Sorry about your loss, it always hurts to loose one of our friends.


----------



## the funny farm6615 (Jul 9, 2010)

we use frozen soda bottles for them to lay on and next to. and along with frozen friuts and vegies we give frozen bread- if they dont want to eat it they lay on it. and fans during the day. 

i haddent heard of the frozen tiles what kind of tiles do you use? this might be better that the soda bottles.


----------



## dbunni (Jul 9, 2010)

Any tile marketed for outside ... around decks and such will work.  We use tiles instead of bottles beacuse of the Angora Wool ... itcky thing when it is wet!  Cannot show a felted angora!  Some buns don't like the slick surface, so just turn them over.  The bottoms are texturized to sit in sand .  Many of the rabbits will lick and play with it, cooling themselves down.  Plus they do not take up as much space in the freezer and freeze faster than water bottles.  Also bottles will eventually heat to the air temp.  The tiles will cool then balance to the bunnies temp.  We have been using them for years with great success ... our freezer has everything from 12x12 to 6x6 in it.

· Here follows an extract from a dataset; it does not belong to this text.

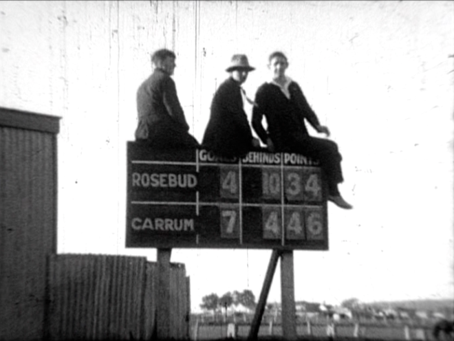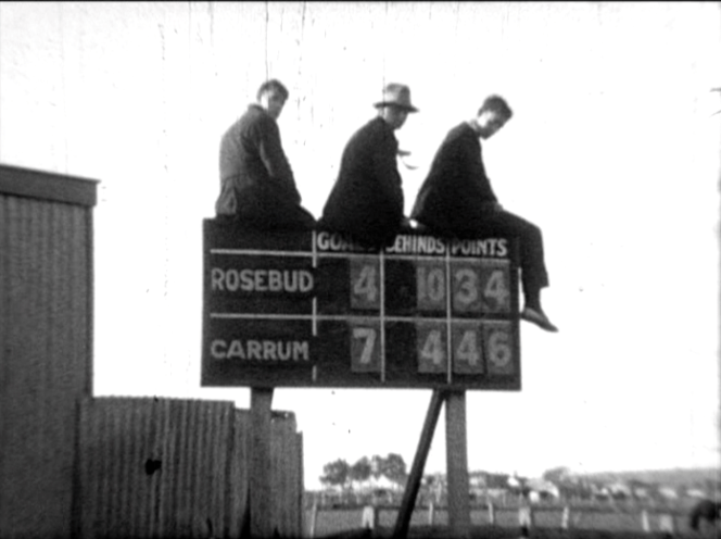 Not sure where guys kept their scoreboard numbers and how they kept their balance but they probably had the best view of the 1932 Grand Final between Rosebud and Carrum , played at Dromana.

Also we use the blue cooler bottles (big heavy units with hard casings) to place in front of fans.


----------



## blk90s13 (Jul 10, 2010)

Thanks for the great ideas will try some frozen tiles sounds like it would work good


----------



## Shiloh Acres (Jul 10, 2010)

Thanks from here too. 

I already use frozen 2-liter bottles. But with needing to separate out a few from the last litters I was starting to worry that my whole freezer is soon going to be full of nothing but frozen bottles, especially if I need to start changing them more often in Late July/August. 

I have some tiles stored in the garage, so I will plan to freeze them today. Thanks again!


----------